Hamburg. Der Kunde sollte sich fragen, ob die Geschwindigkeit bei der Zustellung und der Preis immer die Kaufentscheidung bestimmen müssen.

Dass eine Bilanzpressekonferenz, bei der es in der Regel um nackte Zahlen und eher dröge Fakten geht, emotional wird, geschieht eher selten. Doch am Mittwoch beim Handelskonzern Otto geschah genau dies. Vorstandschef Alexander Birken verließ den üblichen Pfad einer Bilanzvorlage, nutzte die Gunst der Stunde, um einen Appell an die Öffentlichkeit zu richten – und man merkte während Birkens Vortrag, dass es dem Topmanager um mehr als das Geschäft ging. Birken forderte eine Diskussion über Werte – nicht ganz uneigennützig, aber durchaus glaubwürdig und mit viel Empathie.

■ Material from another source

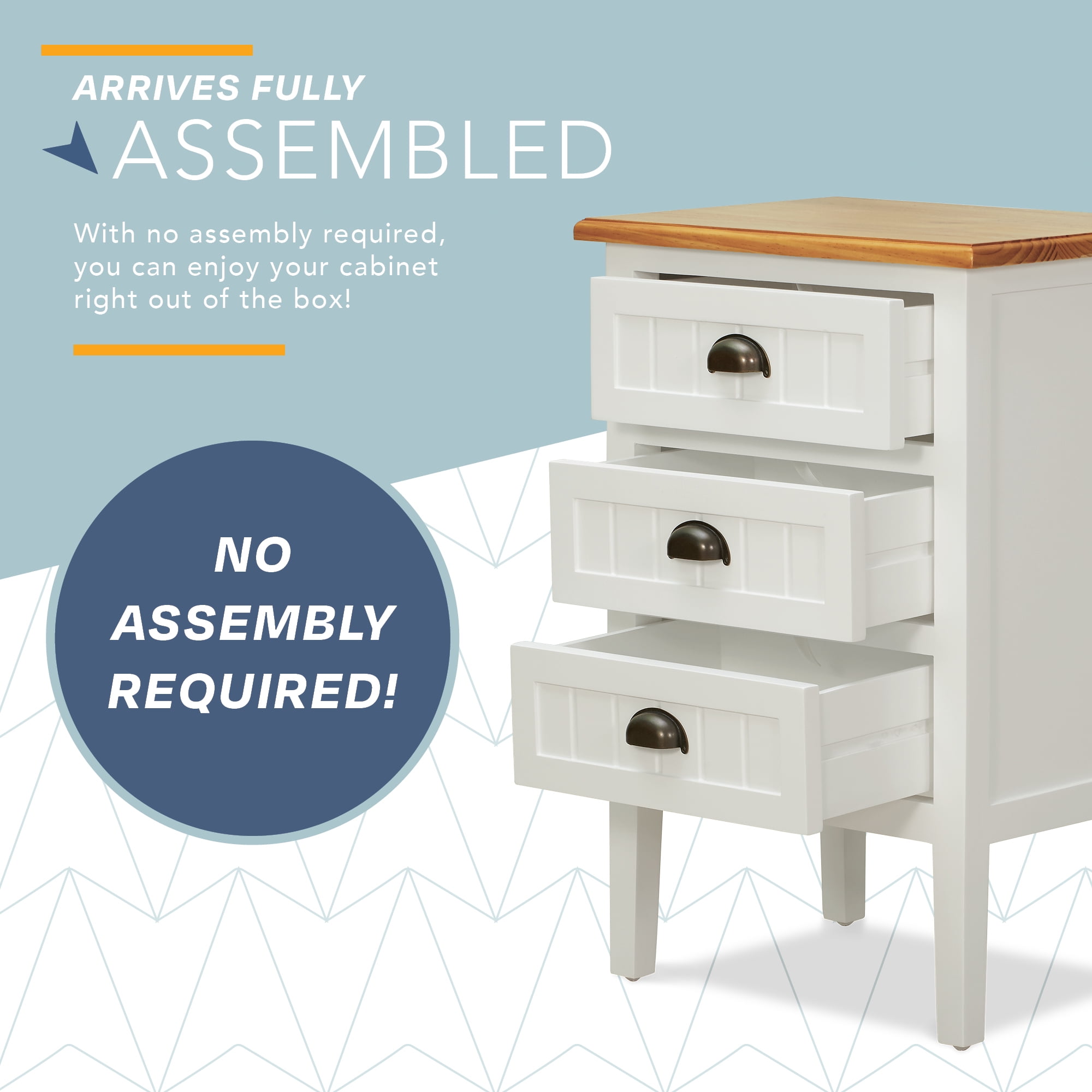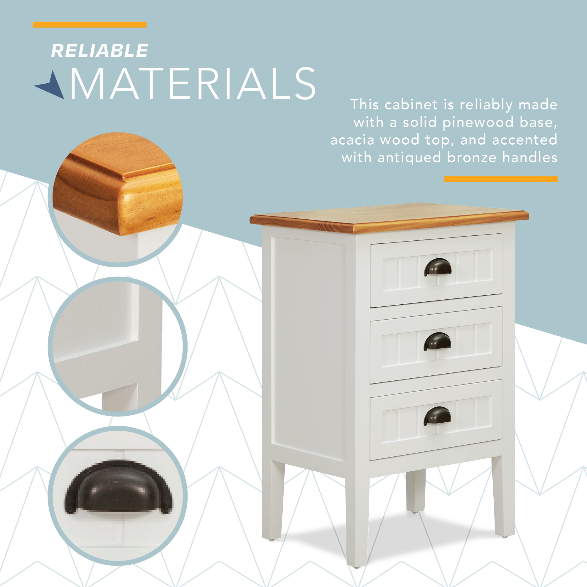 TRADITIONAL DESIGN: A cottage style frame in a classic white finish, paired with an Acacia wood top Natural wood color and grain, with grooved geometric drawer fronts and dark bronze half moon metal pull handles, and standing on solid tapered legs provide a simple but charming look. SPACIOUS STORAGE: 3 large storage drawers (13″ wide & 11″ deep) have abundant room to fit all your bedroom necessities such as chargers, books, reading glasses, and other accessories to hide and organize clutter. FUNCTIONAL & VERSATILE: The 18″ top provides a large surface to pair with a lamp, or to hold laptops, phones, plants or drinks. Can be used as a side table or end table, or as a bedside table for the guest room or children’s room. SOLID & DURABLE: Made of solid and with sturdy tapered legs, this night stand can support up to 66 lbs. Padded footers protect hard surfaces from scrapes and scratches. Easy to clean with minimal maintenance. FULLY ASSEMBLED: Arrives ready to use straight out the box. We offer USA Customer Support.

Der Otto-Chef sprach über den europäischen Rechtsstaat, faire Arbeitsbedingungen, eine angemessene Entlohnung, aber auch über nachhaltiges Wirtschaften und Steuergerechtigkeit. Und er fragte: „Welchen Wert haben diese Prinzipien für uns?“ Dass Birken mit seinen Ausführungen vor allem auf die international großen Otto-Konkurrenten wie Amazon aus den USA und Alibaba aus China abzielte, wer kann es ihm verdenken? Schließlich führt er einen Konzern mit weltweit mehr als 50.000 Beschäftigten, deren Jobs auch vom Verhalten der mächtigen Konkurrenten abhängen. Wenn diese Dumpinglöhne zahlen, ihre Steuern Richtung Null rechnen und nur wenig Wert auf die Umwelt legen, so haben sie eben immense Kostenvorteile, die fairen Wettbewerbern und dem kleinen Einzelhändler um die Ecke schaden.

Dass die Politik diese Ungleichheiten nicht von heute auf morgen abschaffen wird, ist leider auch klar. Bleibt am Ende der Kunde: Er sollte beim Einkaufen und Bestellen im Internet genauer hinschauen, bei wem er sein Geld lässt. Und er sollte sich die Frage stellen, ob die Geschwindigkeit bei der Zustellung und der Preis immer im Zentrum der Kaufentscheidung stehen müssen.